= Collected material =

_ _ _ _ _

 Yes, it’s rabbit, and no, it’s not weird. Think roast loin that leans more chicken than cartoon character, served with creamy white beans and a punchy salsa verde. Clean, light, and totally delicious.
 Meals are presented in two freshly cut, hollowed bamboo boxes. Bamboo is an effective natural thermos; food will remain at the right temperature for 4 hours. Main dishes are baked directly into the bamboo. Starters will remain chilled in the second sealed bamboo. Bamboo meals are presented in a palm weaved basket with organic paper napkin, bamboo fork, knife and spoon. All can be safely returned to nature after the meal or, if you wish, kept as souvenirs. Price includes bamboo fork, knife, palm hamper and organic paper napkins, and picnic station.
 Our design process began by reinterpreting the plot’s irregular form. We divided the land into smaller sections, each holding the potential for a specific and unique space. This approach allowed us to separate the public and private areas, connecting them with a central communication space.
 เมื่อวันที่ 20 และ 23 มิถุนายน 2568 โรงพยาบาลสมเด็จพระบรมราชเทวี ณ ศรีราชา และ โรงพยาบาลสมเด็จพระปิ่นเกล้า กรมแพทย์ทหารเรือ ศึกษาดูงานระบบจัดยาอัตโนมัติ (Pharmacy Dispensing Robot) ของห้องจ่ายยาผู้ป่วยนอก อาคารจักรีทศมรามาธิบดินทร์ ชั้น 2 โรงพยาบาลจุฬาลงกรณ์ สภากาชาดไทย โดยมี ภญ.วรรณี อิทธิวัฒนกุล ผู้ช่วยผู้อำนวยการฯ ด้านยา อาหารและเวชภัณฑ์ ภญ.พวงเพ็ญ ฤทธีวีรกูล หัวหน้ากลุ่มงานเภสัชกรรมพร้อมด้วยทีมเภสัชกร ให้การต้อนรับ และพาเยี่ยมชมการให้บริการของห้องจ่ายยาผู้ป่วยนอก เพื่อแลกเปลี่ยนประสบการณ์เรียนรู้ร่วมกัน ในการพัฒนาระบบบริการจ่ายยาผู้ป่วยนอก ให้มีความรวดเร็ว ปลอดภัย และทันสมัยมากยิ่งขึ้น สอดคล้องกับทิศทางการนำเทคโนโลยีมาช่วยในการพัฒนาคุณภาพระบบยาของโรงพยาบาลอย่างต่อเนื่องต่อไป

_ _ _ _ _

Count every line of the material above that holds the string "into", then state only the total.

= Response to this exercise =
2